Task details:
Look through the data below and extract, unchanged, the lines from the one that contains "The game is" to the one that contains "Faux Leather Accent", both included.

Input data:
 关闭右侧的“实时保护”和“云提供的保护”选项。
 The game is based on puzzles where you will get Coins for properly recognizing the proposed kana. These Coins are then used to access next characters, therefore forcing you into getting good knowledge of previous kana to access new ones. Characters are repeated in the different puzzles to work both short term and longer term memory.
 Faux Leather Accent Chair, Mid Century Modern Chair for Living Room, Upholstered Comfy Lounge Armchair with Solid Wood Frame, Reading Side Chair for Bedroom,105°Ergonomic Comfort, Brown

--

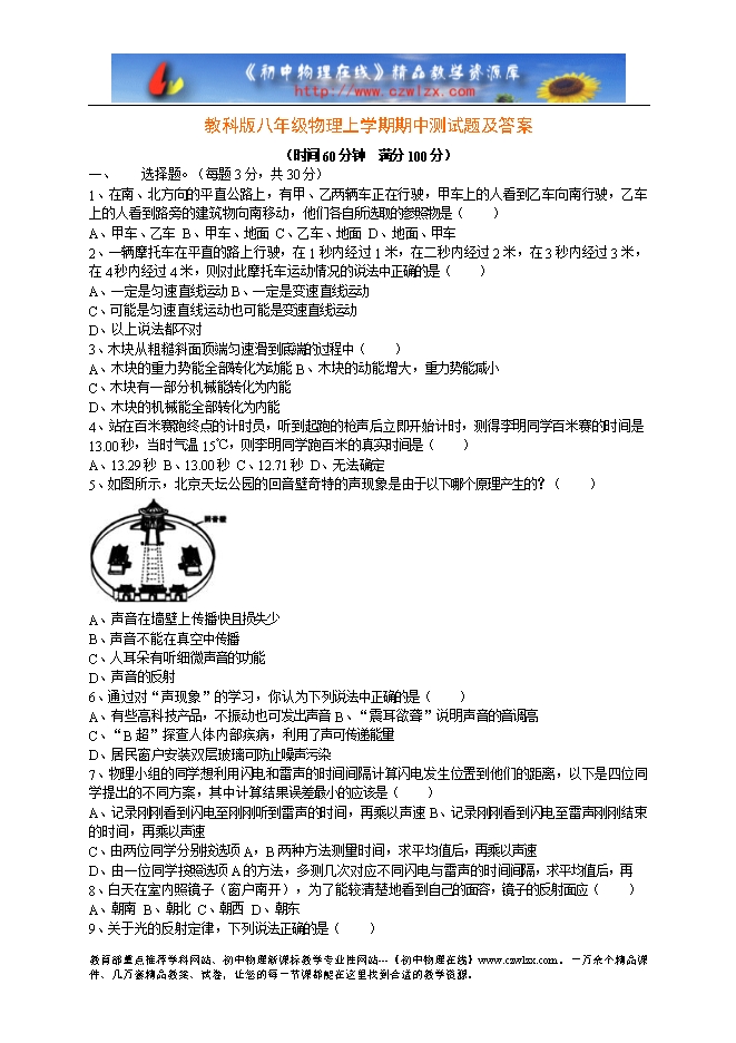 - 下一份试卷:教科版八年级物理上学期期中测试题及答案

Output:
 The game is based on puzzles where you will get Coins for properly recognizing the proposed kana. These Coins are then used to access next characters, therefore forcing you into getting good knowledge of previous kana to access new ones. Characters are repeated in the different puzzles to work both short term and longer term memory.
 Faux Leather Accent Chair, Mid Century Modern Chair for Living Room, Upholstered Comfy Lounge Armchair with Solid Wood Frame, Reading Side Chair for Bedroom,105°Ergonomic Comfort, Brown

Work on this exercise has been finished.